My second order cost me $194.90. I received two courses on CD — How to Listen to and Understand Great Music and History of the English Language. I also received two courses on tape: Biology and Human Behavior and Soul and the City: Art, LIterature and Urban Living. When I finished with these, I auctioned the CDs on eBay. I made $161.82. My net cost was $33.08. And I still have the two courses on tape.

I’ve spent $65.97 for six college-level courses. My friends, this is an absolute steal. That’s just over $10 a course. Unbelievable.

But Wait! There’s More!
Using this method does require an initial chunk of change make your first purchase (and smaller amounts for subsequent purchases). If you can’t afford the courses even at sale price, you can buy them on eBay (but, as I mentioned, they do retain a high resale value). You may also be able to borrow them from your local library (though most library networks carry a limited selection, if any). Some people have formed Teaching Company groups: they split the costs of a certain number of lectures, and then pass them amongst each other.

Occasionally The Teaching Company sends out a coupon (usually something like “free shipping” or “save $25 on an order of $150 or more”). Also watch for great deals on courses that are being retired or revised.

Three more reasons I love this company:

  1. The Teaching Company offers a 100% money-back guarantee (including shipping!). You cannot lose.
  2. After finishing How to Listen to and Understand Great Music, I e-mailed the company to ask for more information. I wanted to know the specific music recordings used in the lectures. (Most are spectacular.) They sent me a spreadsheet of recommended recordings. How cool is that?
  3. The company offers a couple of optional e-mail updates. I’ve signed up for a monthly notice of cultural events in Portland: concerts, performances, lectures, etc. It’s a neat service.

Other fans of The Teaching Company include Kevin Kelly, Philip Greenspun, and the fellows at 2Blowhards.

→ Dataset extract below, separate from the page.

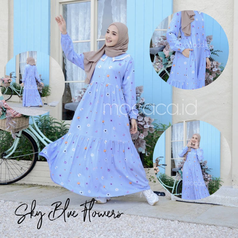 Detail Gamis rumahan renda depan busui rayon premium - motif sky blue flowers

Lifelong learning is one of the keys to success. An active mind breeds curiosity, and that in turn leads to knowledge, to confidence, and ultimately to financial security. The Teaching Company offers one of the best bargains in education today.

While preparing this entry, I discovered that I’d saved four tracks (out of 432) from How to Listen to and Understand Great Music. I ripped these because I thought they were especially fine examples. I’ve uploaded them so that you can hear the quality of instruction.

From Lecture 37 (“19th-Century Italian Opera – Bel Canto Opera”) comes this comparison of two renditions of “Una Voce Poco Fa” from Rossini‘s The Barber of Seville. Here are tracks eight and nine from Greenberg’s lecture. Track eight features one recording of the bulk of the aria. Track nine features the full aria (including the introductory bits). Both tracks include some of Greenberg’s lecture. (“That, my friends, will bring the house down.”)

From Lecture 45 (“Early 20th Century and the Modernist Movement – An Introduction”), I saved a Greenberg digression that also stretches over track 8 and track 9. Here he talks about how the technological revolution of the late-19th and early-20th centuries affected music, and especially brought about the decline of “musical amateurism”. From there he digresses further, discussing how technology affects our perception of time and distance. “Are we hard-wired for this new conception of time and movement?” asks Greenberg. I love this stuff.